Hey guys. Thanks for taking my questions and congratulations on a solid quarter. My question is, I’d like to focus on the Life Science sector. Could you give us sort of an overview or a sample of one or two of the credits that you have there? And just in general, I'm assuming that you're secured against patents and intellectual property. And how do you look at the sort of warrant component when you're underwriting it? And then lastly, same question on Life Sciences. Could you give us sort of a competitive matrix of who you're competing against in that space?

Michael Gross

Analyst

Yeah, thanks for the questions. That's a mouthful. And what I would suggest is, we'd love to have a follow up call, we can take you through it in more detail and have the head of the team on it as well to take you through our strategy. But high level, our Life Science business is focused on very late stage. As I mentioned, that's either pre-commercialization or in commercialization. We're exclusively focused on developmental drugs or devices. And the team has an incredible track record predating their experience at Solar, going back to when I founded the business at GE Capital. It's been incredibly consistent because of the discipline in underwriting. It's really a focus on first lien loans, return of principal in all cases.
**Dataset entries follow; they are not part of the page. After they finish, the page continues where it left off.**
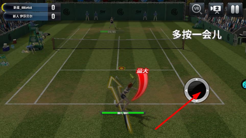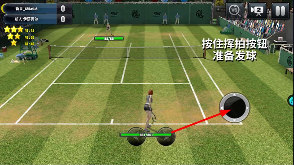 1. 按下并保持挥拍按钮,即可进入发球准备状态,此操作作为网球比赛进攻的起始动作,需精准把握按键时机。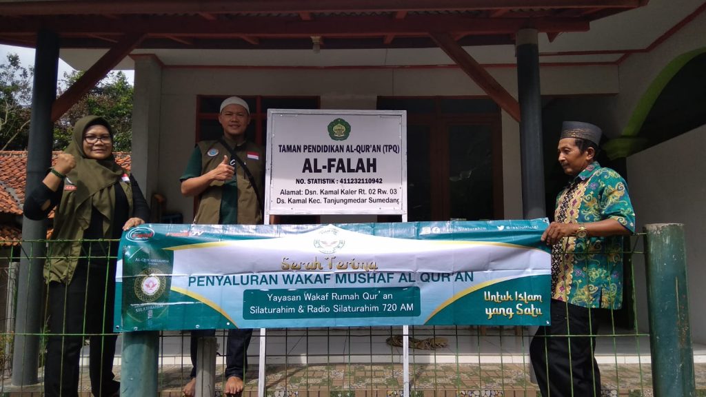 Salah satu penerima Al Quran baru yaitu TPQ Al Falah yang beralamat di Dusun Kamal Kaler RT 2 RW 3 Desa Kamal, ustaz Didin selaku ketua menyampaikan ucapan terimaksih.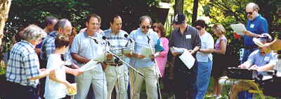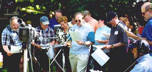 (left to right) Mike Biel, Mickey Saperstone, Fran Odyniec, Jane Lessner, Phil Sabatelli, Ed Cunningham, Ellie Menna Cunningham, Harry Wolf, Mike Muderick and Ed Sciaky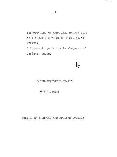 Esta tese (1983) examina a questão de saber até que ponto a pretensão de Maharishi ser um expoente autêntico do Vedanta de Sankara pode ser sustentada, e conclui que, embora o seu ensinamento esteja essencialmente de acordo com o de Sankara, difere deste na ênfase; além disso, Maharishi introduziu uma série de aparentes inovações, provavelmente devido a influências ocidentais modernas. Neste aspecto, a abordagem teórica de Maharishi também difere da de outros movimentos neo-hindus no Ocidente, a maioria dos quais ou são muito tradicionais, ou mais abertamente devocionais e religiosos.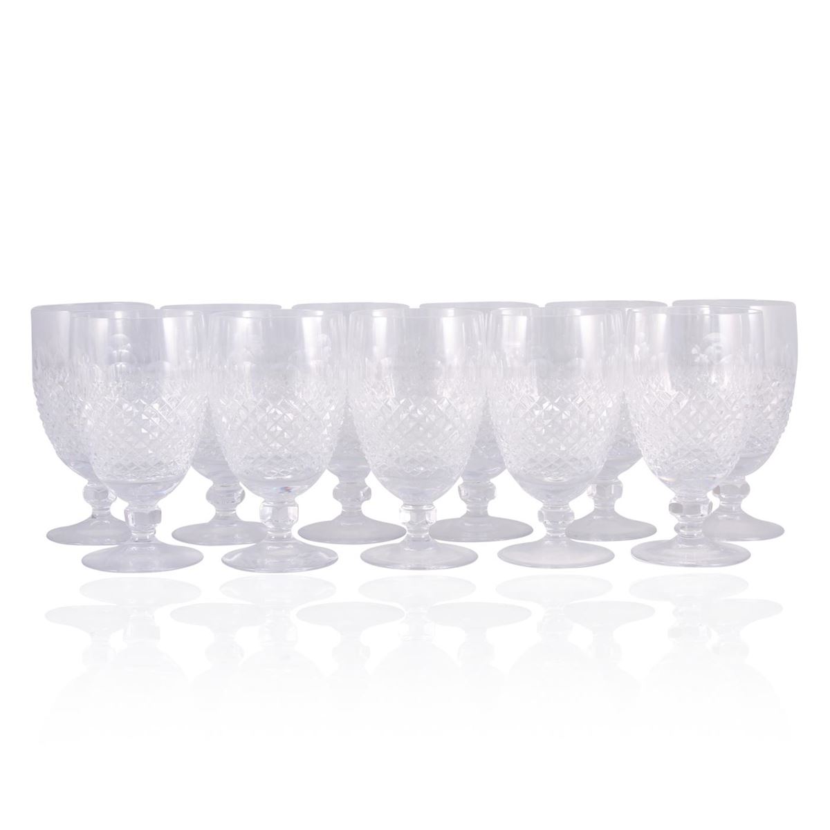 11 beautiful crystal water goblets with smooth foot. Each goblet is 5 3/4" h x 2 3/4" diameter. All are in great condition.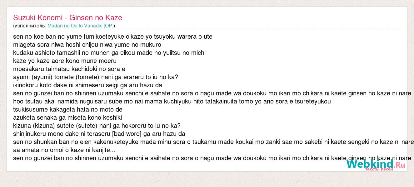 А как ты думаешь, о чем песня "Suzuki Konomi - Ginsen no Kaze" ?
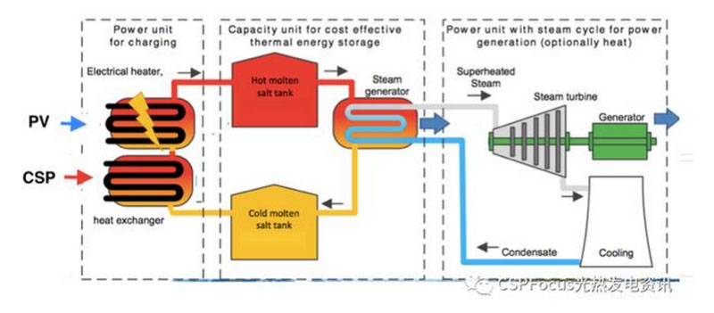 該技術(shù)思路的提出單位德國(guó)TSK Flagsol技術(shù)總監(jiān)Mark Schmitz也對(duì)此進(jìn)行了詳細(xì)解釋:這是我們幾年前研發(fā)出的一個(gè)新概念,槽式光熱發(fā)電系統(tǒng)在正常運(yùn)行時(shí)的工作溫度約在400℃左右,而蒸汽溫度越高對(duì)汽輪機(jī)提升電站整體發(fā)電效率更有利,因此我們想到將光伏系統(tǒng)中的多余電力也放入儲(chǔ)熱罐中,熔鹽通過(guò)電加熱溫度可達(dá)到565℃左右,大大提高了發(fā)電效率。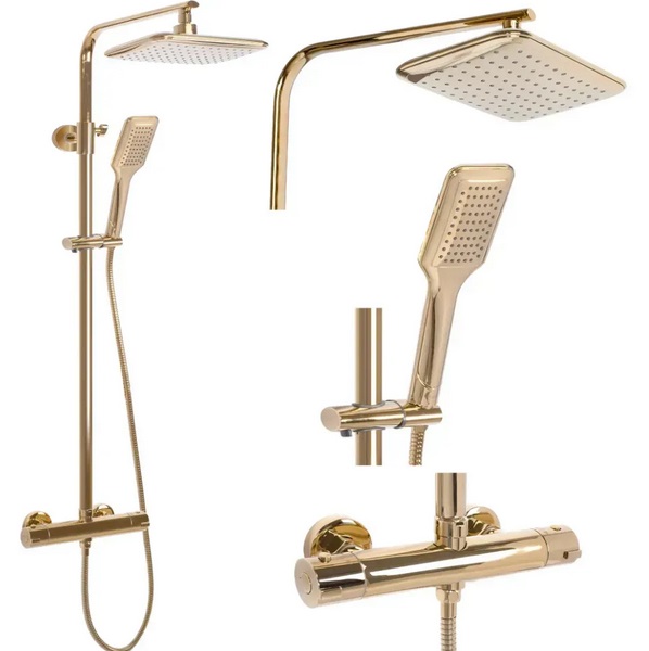 Душевая стойка Rea Tom с термостатом золото

And to your question, looking at warrants, or in some cases, what we call success fees, which is just a fixed price warrant as a way to enhance our yield as opposed to some of our peers who are out there. So in a little bit earlier stage, also having phenomenal track records, but taking a little bit more credit risk and compensating for that with more of an equity type return. But I think, it would be best and we would greatly appreciate the opportunity to follow up with you have a more fulsome conversation.

Unidentified Analyst

Analyst

Super. I'll do that, and again, congrats on the solid quarter.

Michael Gross

Analyst

Thank you very much.

Operator

Operator

[Operator Instructions] There are no further questions at this time.

Michael Gross

Analyst

We appreciate your time this morning. And for those of you who participated in the Solar Senior call, we'll speak to you in half an hour. Thank you. Bye-bye.

Operator

Operator

This does conclude today's conference call. You may now disconnect your lines.